HALLOWEEN ENDS is a controversial (but fantastic) finale to Michael Myers' saga

by Charles Gerian

“Am I in control, or do the elements control me? Life or death. Suicide or cherry blossoms.”

HALLOWEEN ENDS, the finale of David Gordon Green’s relaunched Halloween trilogy that began in 2018 as a direct sequel to the 1978 original John Carpenter HALLOWEEN film, released in theaters and streaming on Universal’s Peacock app this past month and has been met with the same divisive reviews that have plagued Green’s trilogy since the 2018 start.

Those going in to see Michael Myers’ latest killing rampage might go home disappointed when they find out that HALLOWEEN ENDS is a neon-drenched love story about change and the nature of evil instead of a “babysitters-by-the-minute” slasher of old.

And, I might add, it is a much better film for it.

ENDS begins in Haddonfield, Illinois with a young man named Corey Cunningham (Rohan Campbell) on Halloween night a year after Michael’s 2018 rampage from HALLOWEEN and HALLOWEEN KILLS, babysitting a young boy.

After a prank by boy goes horribly wrong and he falls from the stairs, breaking his spine, Corey is blamed by the parents and turned into a pariah and dashing his hopes and dreams of a normal life despite being cleared of any wrong-doing.

In 2022, Corey meets Laurie Strode (Jaime Lee-Curtis) who saves him from a group of bullies and takes him to the hospital where Corey meets Laurie’s granddaughter Allyson (Andi Matichak).

Laurie, still reeling from the death of her daughter and son-in-law from HALLOWEEN KILLS at the hands of Myers, is attempting to write a book about her life, dealing with the town blaming her for Michael’s rampage, and her budding romance with Deputy Hawkins (a loveable Will Patton).

Laurie has learned to live with the fact Michael seemed to have escaped once and for all, and with no sign of him in 4 years thinks it is time to move on.

However, at a Halloween party at a local bar, Corey is accosted by the mother of the child he was babysitting. Running away from the party and from Allyson, Corey is once again assaulted by a group of teens who chase him into a sewer system where he comes face-to-mask with a reclusive Michael.

Enraged by how he is treated by the townspeople, his mother, and feeding off of Allyson’s own desire to “burn” Haddonfield to the ground and leave, Corey is “adopted” by a weathered and beaten Michael and lures Allyson’s belligerent ex-boyfriend into the sewers, marking the start of Corey’s metamorphosis, his partnership with Michael, and setting them all on a collision course of finality towards the one woman who started it all: Laurie.
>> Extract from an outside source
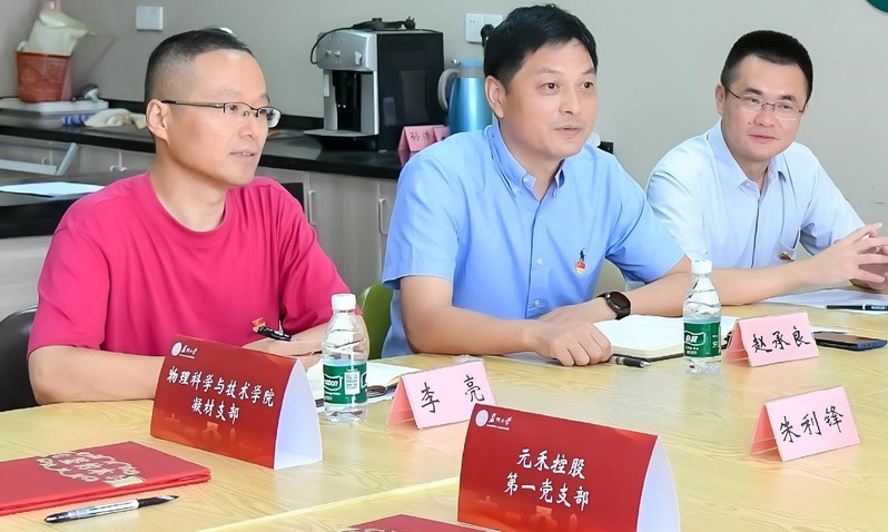 2025 年 8 月 14 日上午,91猫先生 凝材党支部与元禾控股第一党支部党建共建签约仪式在91猫先生 物理科技楼 155 会议室成功举行。签约仪式由91猫先生 党委书记赵承良主持,元禾控股党委副书记、纪委书记、第一党支部书记朱利锋,元禾控股投资促进部总经理邓达力,91猫先生 院长、凝材党支部书记李亮,副院长林焰清、组织员吕冬丽、凝材党支部副书记孙浩轩等出席签约仪式。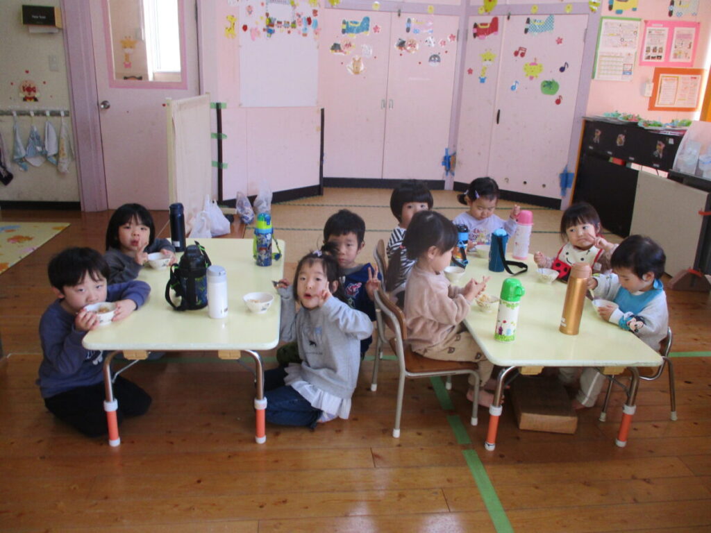 子ども達はもちつきの後は楽しみにしていたお弁当を嬉しそうに喜んで食べていました💖

ENDS is a film about reconciling with the past, and what your circumstances turn you into.

In the 2018 HALLOWEEN, Laurie is an alcoholic recluse who lives armed to the teeth in a fortress home, ready for the day Michael Myers returns to finish what he started in 1978. She has pushed away her family and lives a life of isolation, anger, and misery.

In the sequel, HALLOWEEN KILLS, Laurie warns that Michael is not “flesh and blood” but evil transcended. That he curses and infects people, places, with his horror.

In HALLOWEEN ENDS, Laurie is somewhat back to living a normal life, but she is reminded constantly of what “she caused”, inadvertently, but simply just surviving the initial 1978 babysitter killings. Outside a grocery store, she is approached by the daughter of a woman whose throat was slit and husband was killed in HALLOWEEN KILLS, and has a breakdown in her car.

Michael is a curse, a sickness of evil, and Laurie’s greatest sin was surviving. We have obviously dealt with her survivor’s guilt in the 2018 film and HALLOWEEN KILLS, but now we deal with her granddaughter Allyson and the controversial character of Corey, who is the opposite of Laurie.

Whereas Laurie pulled herself out of the darkness of Michael, Corey let himself succumb to it, be infected and driven mad by it.

Corey is the main character, essentially, which is a bold move given that this is the “finale” of the Laurie Strode story of 30 years.

We are drawn into Corey’s romance with Allyson, shot much like an indie film fever dream. Synth music bumping over night-time motorcycle rides, rooftop talks against neon signs. The chemistry between Campbell’s Corey and Matichak’s Allyson is heart-warming, but overshadowed by the dread of what is happening to him.

The final confrontation between Michael and Laurie, which of course everyone wants to see, is actually made better thanks to the time spent with Corey and Allyson, and the drama between Allyson and grandma Laurie.

For the slash fanatics, ENDS isn’t completely devoid of bloodshed. There’s a fantastically nasty slaughter at a junkyard, and more disgusting kills as Corey and Michael go on their rampage.

And, of course, the Laurie and Michael showdown is well worth the wait. It is emotional, intense, and very much “final”. While the outcome is predictable, the feeling of accomplishment and worth on behalf of the victor feels very deserved given everything.

HALLOWEEN ENDS is now streaming on Peacock and still playing in theaters.